Of course, I had to look-up 18 U.S.C. § 331–Mutilation, Diminution, and Falsification of Coins.

Whoever fraudulently alters, defaces, mutilates, impairs,
diminishes, falsifies, scales, or lightens any of the coins coined
at the mints of the United States, or any foreign coins which are
by law made current or are in actual use or circulation as money
within the United States; or

Whoever fraudulently possesses, passes, utters, publishes, or
sells, or attempts to pass, utter, publish, or sell, or brings into
the United States, any such coin, knowing the same to be altered,
defaced, mutilated, impaired, diminished, falsified, scaled, or
lightened –

Shall be fined under this title or imprisoned not more than five
years, or both.

So, when is the alteration of a coin fraudulent and when is it not? As it turns out, we can turn to the President for a teaching moment on fraudulent coin mutilation.

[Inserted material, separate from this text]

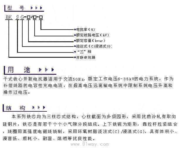 | 產品名稱: | BKSG型干式鐵芯并聯電抗器 | |||||
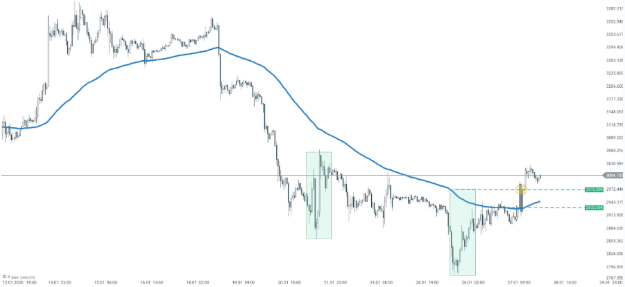 En el intervalo inferior H1 (cada vela es equiparable a 1 hora), llamamos la atención sobre la media y la geometría 1:1. A pesar de la reacción inicial de la oferta, el precio de Ethereum logró superar ambas resistencias significativas: 2.932 y 2.972 dólares. A corto plazo, este patrón aumenta las probabilidades del lado de la demanda y puede apoyar un escenario de continuación alcista, siempre que los niveles superados se mantengan.

Last December, President Obama pardoned Ronald Lee Foster for mutilating coins in violation of 18 U.S.C. § 331, for which Mr. Foster was fined $20 and sentenced to one year of probation. According to the Washington Post, Mr. Foster had “whittled away the edges of pennies to pass them off as dimes in vending machines” while he was serving as an “18-year-old Marine in 1963.” So, converting pennies into zoo souvenirs is probably legal. However, if you come across a press that converts pennies into dimes, that would be a souvenir that you should not take home with you.

Other Coin-Related Laws and Cases:

5-Cent and One-Cent Coin Regulations. Prohibits exporting 5-cent and one-cent coins of the United States. Better count your parking meter stash before you cross the border. 31 eCFR Part 82.

U.S. v. Sheiner et al., 410 F.2d 337 (1969). Defendants convicted of violating 18 U.S.C. § 331 for selling “multi-struck” pennies as mint errors.